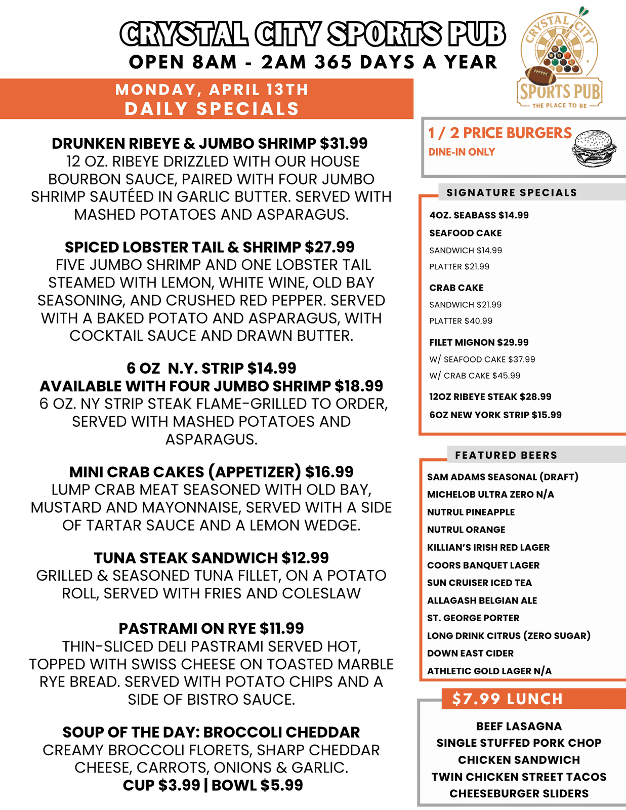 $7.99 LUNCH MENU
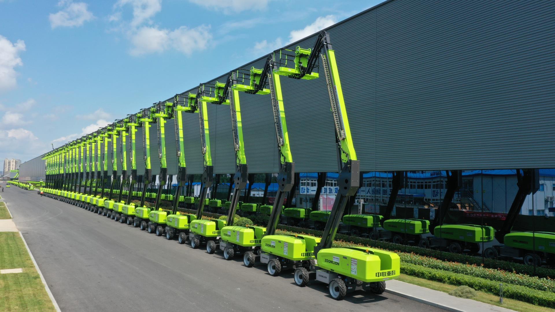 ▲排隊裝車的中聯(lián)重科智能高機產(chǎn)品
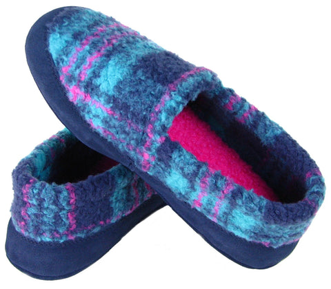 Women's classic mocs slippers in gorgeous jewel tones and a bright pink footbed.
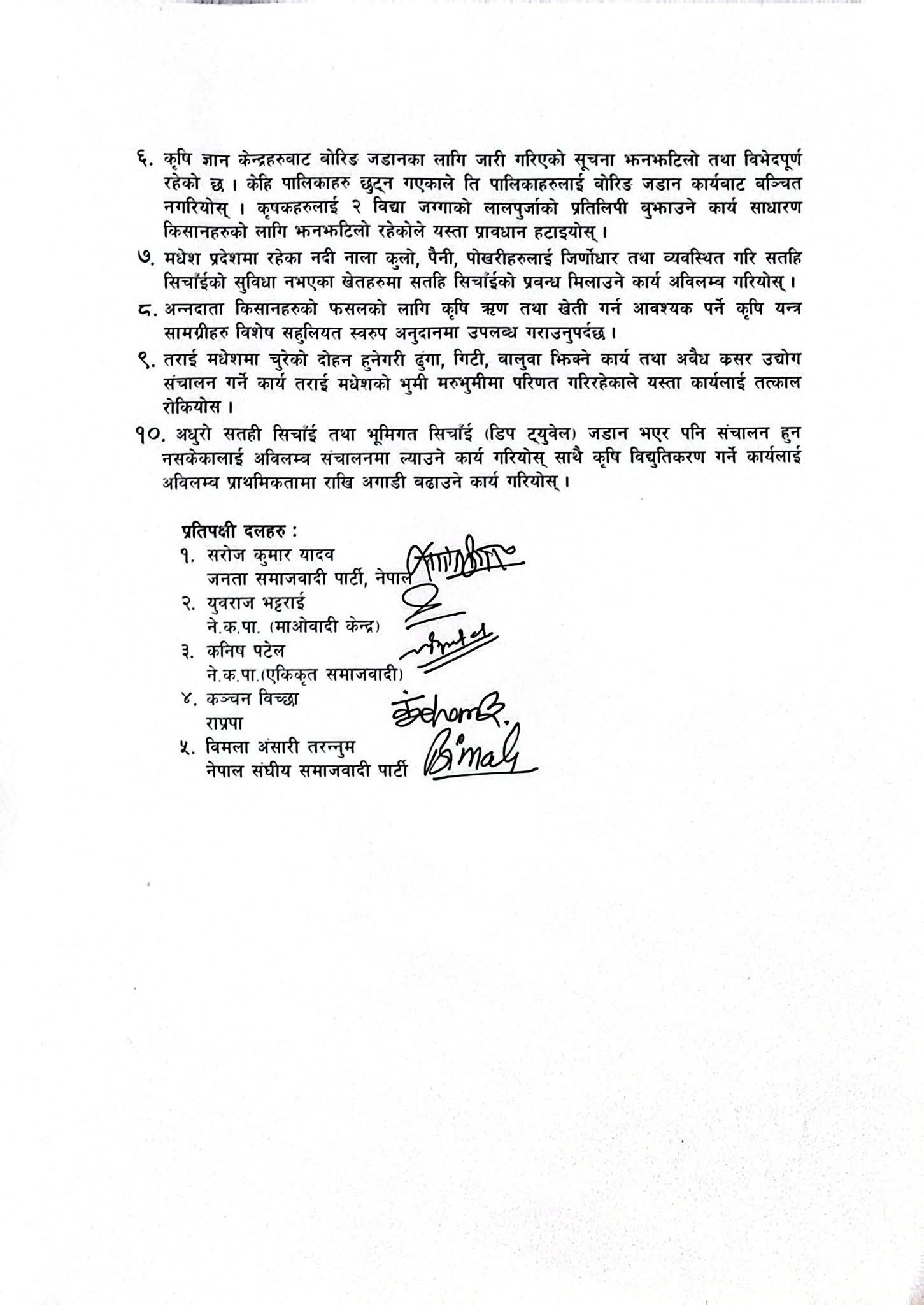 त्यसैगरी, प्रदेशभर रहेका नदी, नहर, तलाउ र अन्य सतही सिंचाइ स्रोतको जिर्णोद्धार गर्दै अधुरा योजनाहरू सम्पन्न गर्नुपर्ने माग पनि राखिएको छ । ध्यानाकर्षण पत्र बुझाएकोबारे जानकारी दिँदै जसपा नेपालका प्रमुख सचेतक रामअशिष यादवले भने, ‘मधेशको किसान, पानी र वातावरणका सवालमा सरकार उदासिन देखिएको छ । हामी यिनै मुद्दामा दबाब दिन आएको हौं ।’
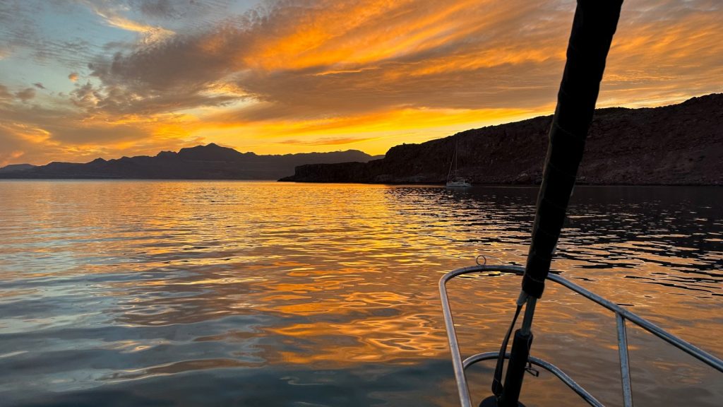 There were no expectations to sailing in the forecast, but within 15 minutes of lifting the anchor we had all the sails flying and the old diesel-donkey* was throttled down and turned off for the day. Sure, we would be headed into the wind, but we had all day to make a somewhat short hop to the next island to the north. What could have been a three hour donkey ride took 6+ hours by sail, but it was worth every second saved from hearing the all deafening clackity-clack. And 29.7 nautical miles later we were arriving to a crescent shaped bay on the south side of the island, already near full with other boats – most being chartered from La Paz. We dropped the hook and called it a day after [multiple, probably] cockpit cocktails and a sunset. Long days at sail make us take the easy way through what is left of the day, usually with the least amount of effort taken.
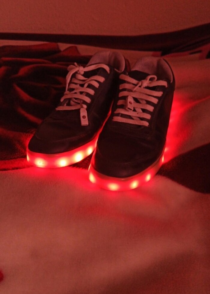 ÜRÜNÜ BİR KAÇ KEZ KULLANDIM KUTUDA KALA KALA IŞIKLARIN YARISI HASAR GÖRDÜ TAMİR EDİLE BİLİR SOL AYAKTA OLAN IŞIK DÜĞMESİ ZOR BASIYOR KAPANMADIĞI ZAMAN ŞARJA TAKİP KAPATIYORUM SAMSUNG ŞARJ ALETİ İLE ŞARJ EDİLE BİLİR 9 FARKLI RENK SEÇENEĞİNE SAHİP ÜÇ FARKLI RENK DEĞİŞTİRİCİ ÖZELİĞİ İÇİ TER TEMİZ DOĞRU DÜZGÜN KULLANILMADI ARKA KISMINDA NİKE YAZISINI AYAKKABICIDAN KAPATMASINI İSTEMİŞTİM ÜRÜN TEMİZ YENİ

* _Activity_
Every entry above needs to be copied exactly, apart from its pictures.

* _Expected answer_
 $7.99 LUNCH MENU
 ▲排隊裝車的中聯(lián)重科智能高機產(chǎn)品
 Women's classic mocs slippers in gorgeous jewel tones and a bright pink footbed.
 त्यसैगरी, प्रदेशभर रहेका नदी, नहर, तलाउ र अन्य सतही सिंचाइ स्रोतको जिर्णोद्धार गर्दै अधुरा योजनाहरू सम्पन्न गर्नुपर्ने माग पनि राखिएको छ । ध्यानाकर्षण पत्र बुझाएकोबारे जानकारी दिँदै जसपा नेपालका प्रमुख सचेतक रामअशिष यादवले भने, ‘मधेशको किसान, पानी र वातावरणका सवालमा सरकार उदासिन देखिएको छ । हामी यिनै मुद्दामा दबाब दिन आएको हौं ।’
 There were no expectations to sailing in the forecast, but within 15 minutes of lifting the anchor we had all the sails flying and the old diesel-donkey* was throttled down and turned off for the day. Sure, we would be headed into the wind, but we had all day to make a somewhat short hop to the next island to the north. What could have been a three hour donkey ride took 6+ hours by sail, but it was worth every second saved from hearing the all deafening clackity-clack. And 29.7 nautical miles later we were arriving to a crescent shaped bay on the south side of the island, already near full with other boats – most being chartered from La Paz. We dropped the hook and called it a day after [multiple, probably] cockpit cocktails and a sunset. Long days at sail make us take the easy way through what is left of the day, usually with the least amount of effort taken.
 ÜRÜNÜ BİR KAÇ KEZ KULLANDIM KUTUDA KALA KALA IŞIKLARIN YARISI HASAR GÖRDÜ TAMİR EDİLE BİLİR SOL AYAKTA OLAN IŞIK DÜĞMESİ ZOR BASIYOR KAPANMADIĞI ZAMAN ŞARJA TAKİP KAPATIYORUM SAMSUNG ŞARJ ALETİ İLE ŞARJ EDİLE BİLİR 9 FARKLI RENK SEÇENEĞİNE SAHİP ÜÇ FARKLI RENK DEĞİŞTİRİCİ ÖZELİĞİ İÇİ TER TEMİZ DOĞRU DÜZGÜN KULLANILMADI ARKA KISMINDA NİKE YAZISINI AYAKKABICIDAN KAPATMASINI İSTEMİŞTİM ÜRÜN TEMİZ YENİ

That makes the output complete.